Hola buenas, necesito ayuda con un desfasaje de 90 grados que estoy intentando hacer pero a una señal ttl, porq*UE* debo generar dos señales, una ttl y la otra desfasada con respecto a esta 90 grados, sera que podras instruirme al respecto? Soy un poco nueva al respecto


----------



## Ronnie Bell (Jul 28, 2010)

buenas.. yo estoy haciendo el montaje del modulador qpsk y siento que no he avansado mucho..quien tiene un modelo de montaje osea un diagrama que no sea de bloque que me diga este integrado con sus componentes y te sale la señal QPSK....seria de gran ayuda donde conseguir esos montajes o una explicacion de ese montaje se que viene del PSK pero no me piden eso...sino el QPSK, gracias...


----------



## shadowil (Oct 11, 2010)

saludos rarakane me gustaría saber si ya solucionaste el problema del demodulador pues yo también necesito hacer uno parecido.

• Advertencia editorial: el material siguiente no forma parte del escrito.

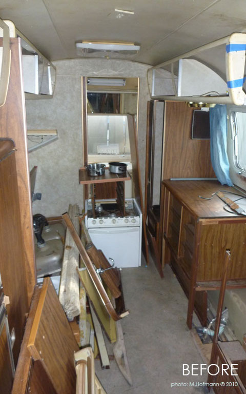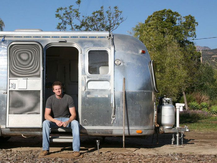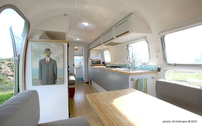 Can a girl go weak at the knees over a caravan? Oh please! This ain’t no caravan. She’s a sleek and shiny 70s era Airstream. This baby was lovingly restored by Santa Barbara architect Matthew Hofmann. She’s small, efficient, renovated with recycled and sustainable materials and is the live + work space for Matthew and his girlfriend. But most importantly she is sexy! Alas she wasn’t always this hot. More like hot mess as you will see after the jump.
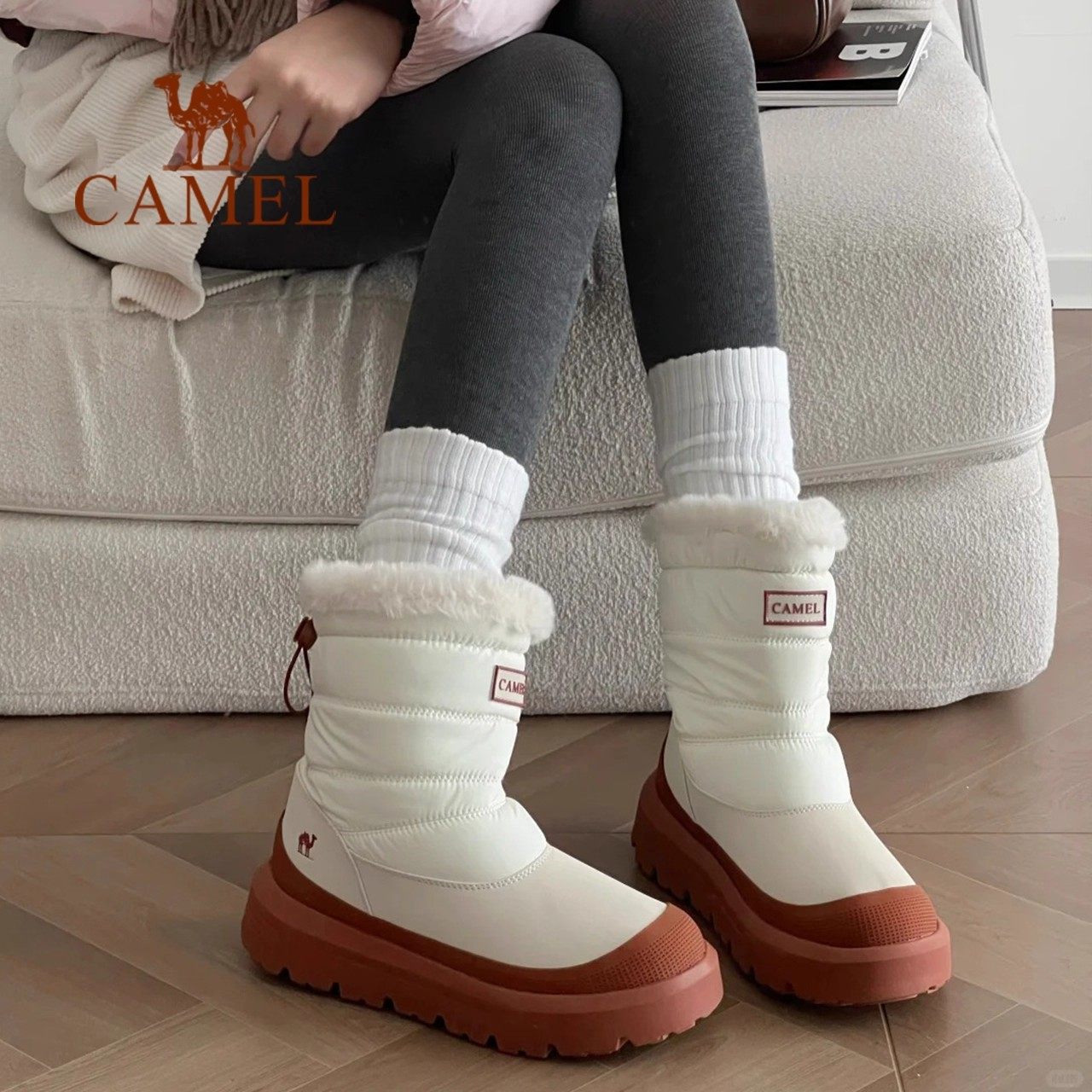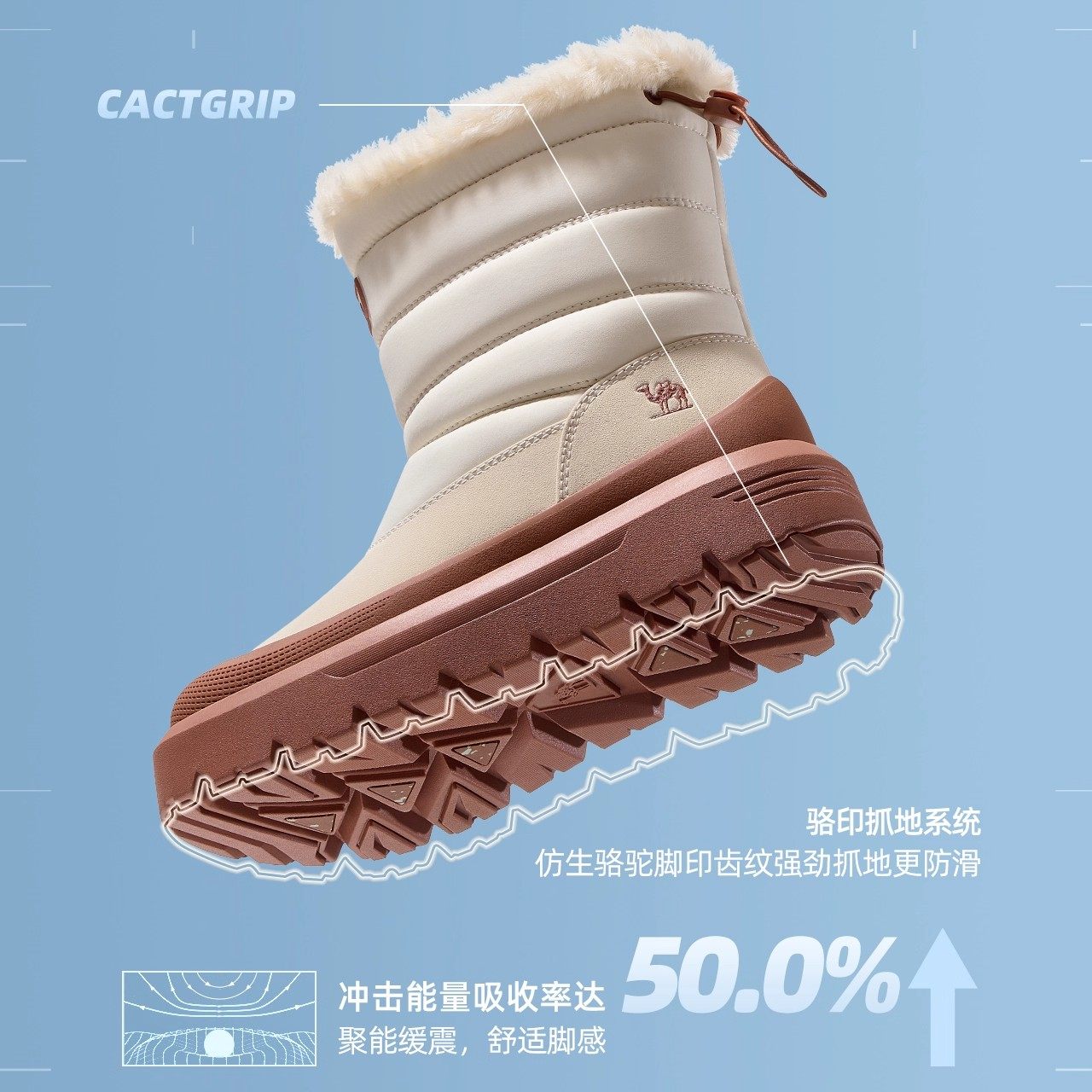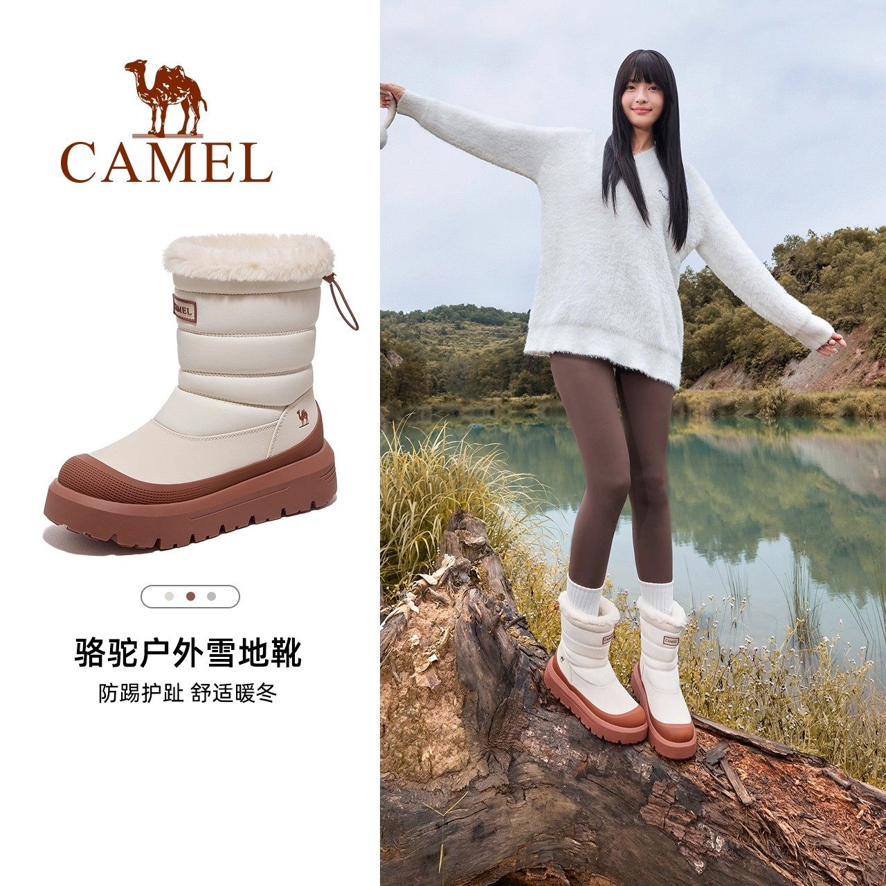 骆驼女鞋雪芙雪地靴2025冬季新款户外加绒保暖棉鞋女款厚底短靴子

me gustaría saber que tipo de componentes utilizaste para poder hacerlo  

gracias de antemano por tu ayuda


----------



## Gradmaster (Oct 11, 2010)

mmm, creo que si piensas usarlo como mezclador no multiplicas sino que sumas o restas las señales, busca en la web un mezclador para BLU, es muy sencillo solo llevan 4 diodos.

saludos y exito.


----------